By Steve Day for Tree & Shrub Growers VIC

Originally designed for the postponed show in 2020, the message behind ‘Resilience’ resonates even more loudly in 2022, in the wake of the global pandemic.

The ‘Resilience’ Show Garden at MIFGS 2022, is a demonstration of how an urban garden can be attractive, inviting, easy to maintain, and good for our resilience, which in turn improves our health and wellbeing.

It is also a good physical example of a resilient garden – with plants species selected for not only their aesthetic qualities, but also their resilience to pest and disease, drought, and the threat of climate change.

In describing the significance of gardens in boosting resilience, especially during Melbourne’s protracted lockdowns, designer Steve Day wrote:

“Residential gardens became one of the most critical parts of the home, and gave people the much needed respite from the world, and the reconnection to nature, that helped lower stress at a very stressful time. The green helped people be more resilient during all the uncertainty. Let’s never forget how important our local parks and home gardens were during this time.”

“We hope it inspires everyone to surround themselves with nature and recognise how every garden has a part to play for the improved resilience of our families and the whole community.”

'Tramlines'

Designed by Dylan Alcott & Vivid Design Constructed by Semken Landscaping

Tramlines is a collaboration between 2022 Australian of the Year, champion wheelchair tennis player and disability advocate Dylan Alcott with Carolyn and Joby Blackman of Vivid Design.

“To be involved in not only the design process but the activation of a fully accessible garden at the Show is something that’s really special to me. Gardens are often built and the accessibility is an afterthought and it’s hard to retrofit, so the fact that it’s been considered from the very beginning is really cool,” Dylan Alcott explains.

Designed from the outset as a fully accessible garden, the garden features inclusive seating, sensory plantings for stimulating the senses by touch and smell, garden beds placed at different heights , and a ramp for wheelchair access.

Different garden surfaces have been used to create auditory and textural cues for visitors, defining the different spaces in the garden. A gravel ring around the fire pit, for example, gives an auditory trigger that you are nearing the fire.

LVML Members, Semken Landscaping, led the building process with construction support from Kevin Heinze Grow, an equal opportunity employer and unique nursery that provides horticultural therapy programs, educational traineeships, and jobs for young people with disabilities.
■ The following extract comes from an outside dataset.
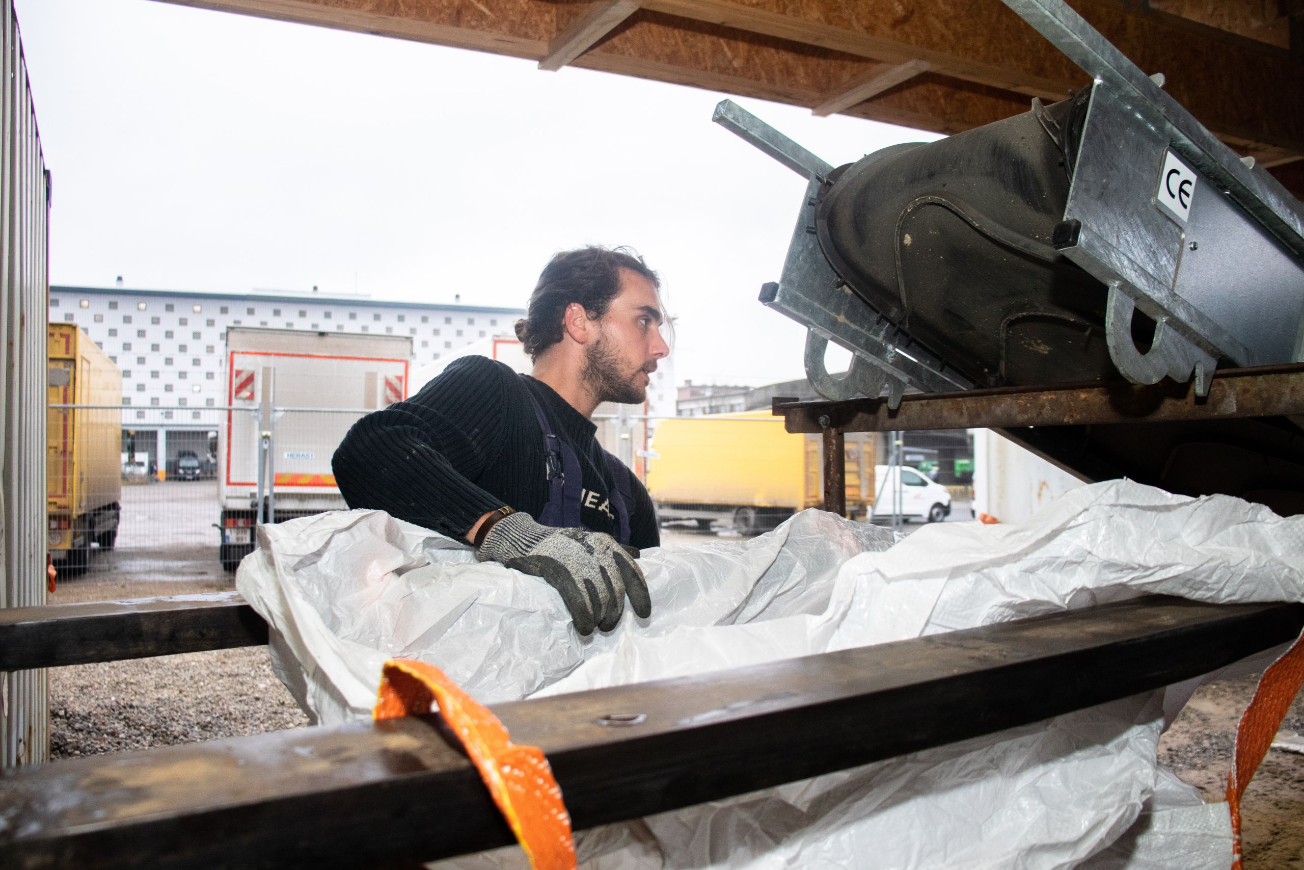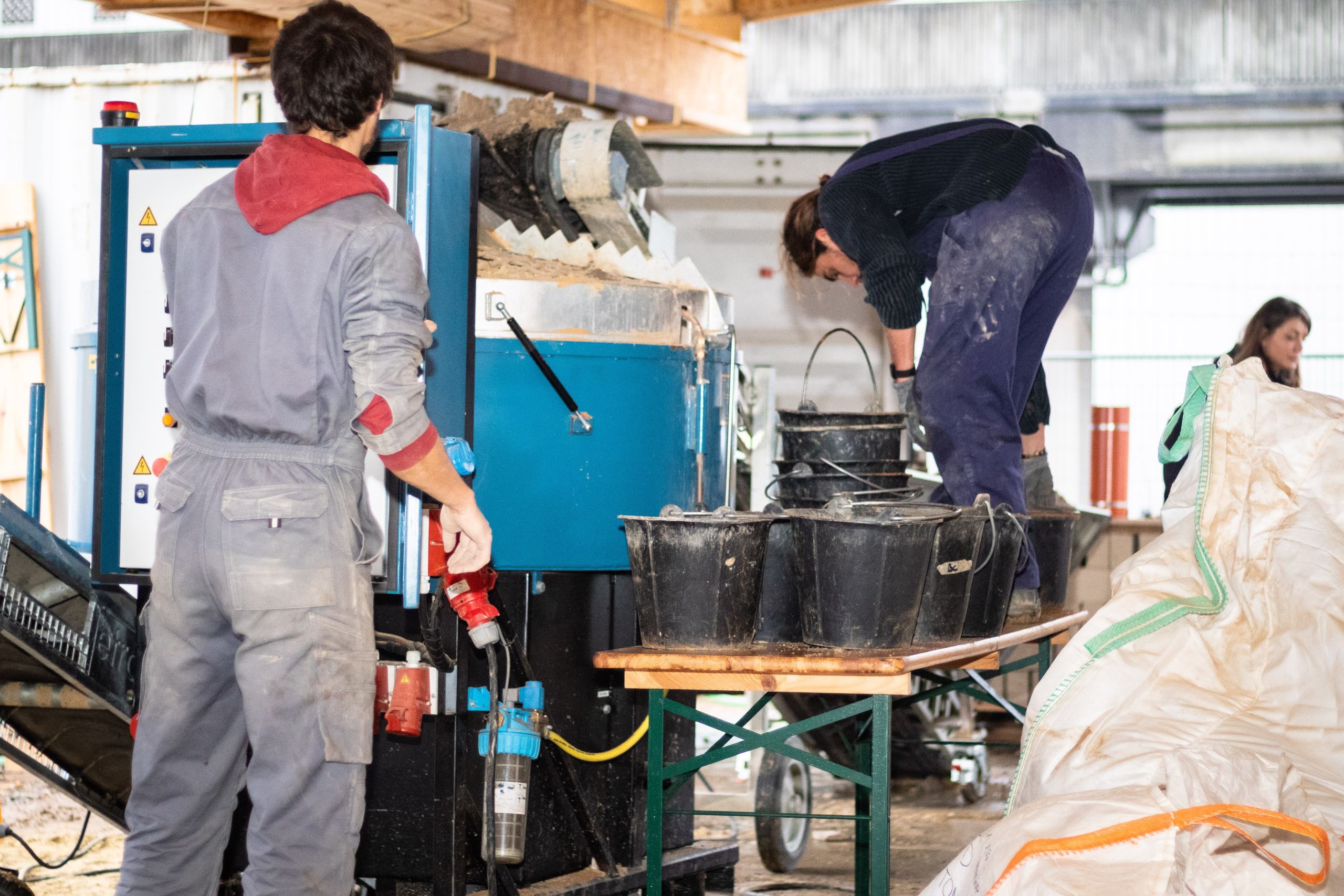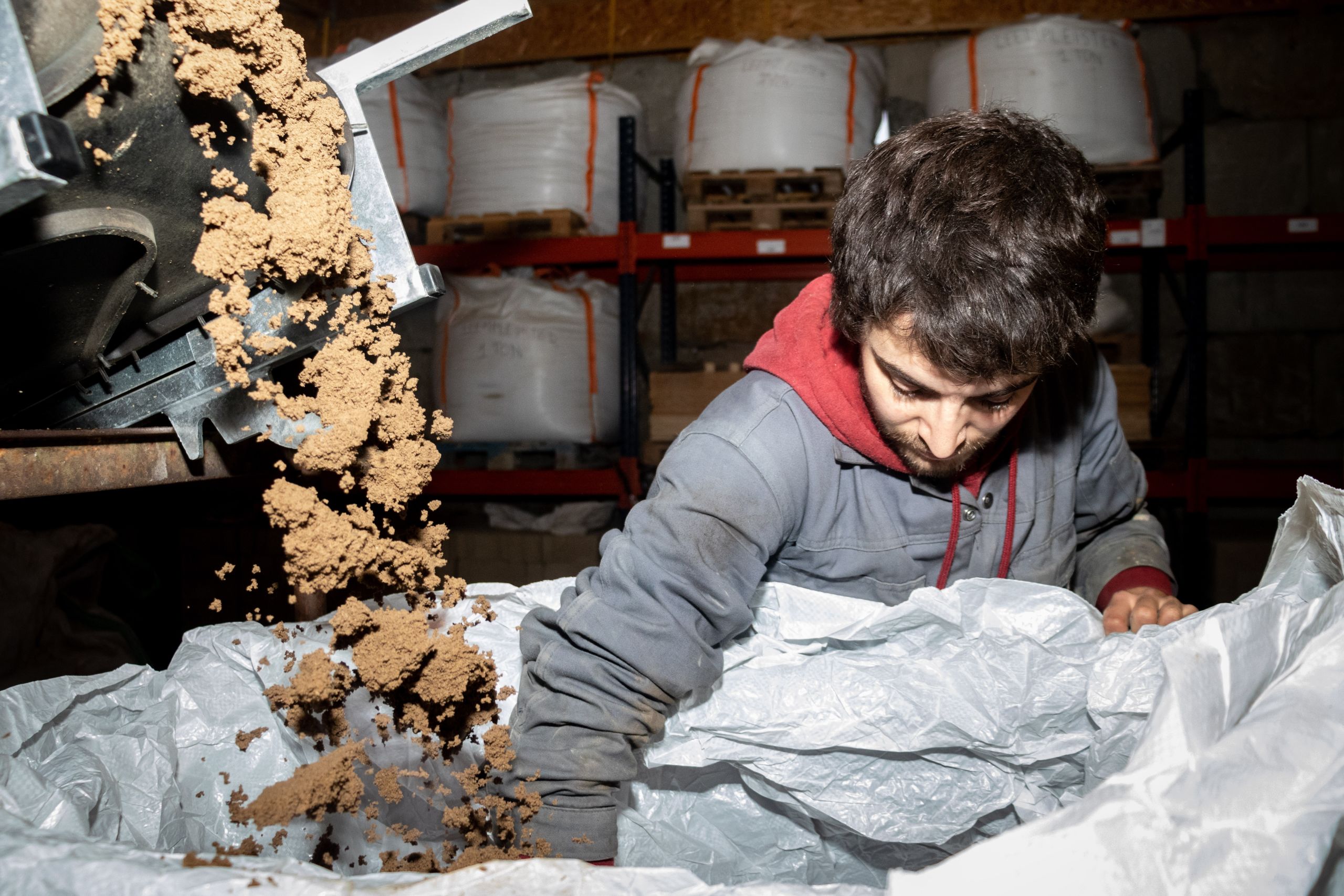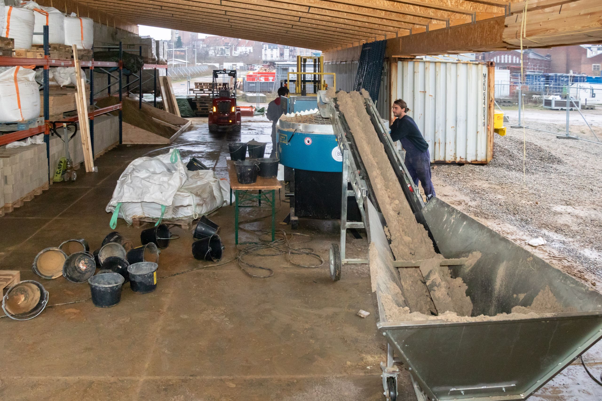 Les seaux de sable ont succédé aux seaux d’argile sur le tapis roulant. Celui-ci déverse son contenu dans une espèce de gros mixer où s’opère un mélange savamment dosé, qui est ensuite conditionné dans un big bag installé au bout d’un second tapis roulant. « Là, nous préparons un mortier qui est utilisé pour lier nos briques de terre crue », décrit Anton Maertens, advocacy manager de BC Materials.

Plants and trees were sourced from supplier members Warners Nurseries and Established Tree Transplanters.

‘Tramlines’ was auctioned off after the Show, raising $35,750 for the Dylan Alcott Foundation, to help young Australians with disabilities. The garden will be redesigned in its new home by Mark Browning Landscape Design.

'Apertura'

Designed by Vivid Design Constructed by Semken Landscaping

‘Apertura’ – which means ‘opening’ in Latin – is an exploration of the role of plants as an architectural element in the landscape, as opposed to a ‘touch of greenery’ at the end of the build.

The design revolves around an ‘Aperture’ espalier - an espaliered olive, designed and grown especially for the show, which blurs the line between hard and soft elements and plays with the idea of the ‘green’ built form.

Designers Carolyn and Joby Blackman wrote:

“For us, the last decade has made the idea of the use of plants as design elements in the garden even more crucial as the remaining spaces available to create gardens shrink and plants need to perform more roles. Buildings, pools, covered entertaining areas and just far fewer square metres for garden or green areas, has made us focus even more on how living elements can provide the bones of the garden - blurring the lines between built form, hardscape and softscape. on to Merrywood plants 3.5 years ago for them to perform their magic. It now forms the living centrepiece of the garden - the living sculptural form, without using a sculpture.

“We hope you can imagine the sculptural, consistent form of the Olive Aperture holding your attention when the flowers and waving grasses are sleeping and the leaves have lessened in winter with all that low, welcome winter sun penetrating the garden.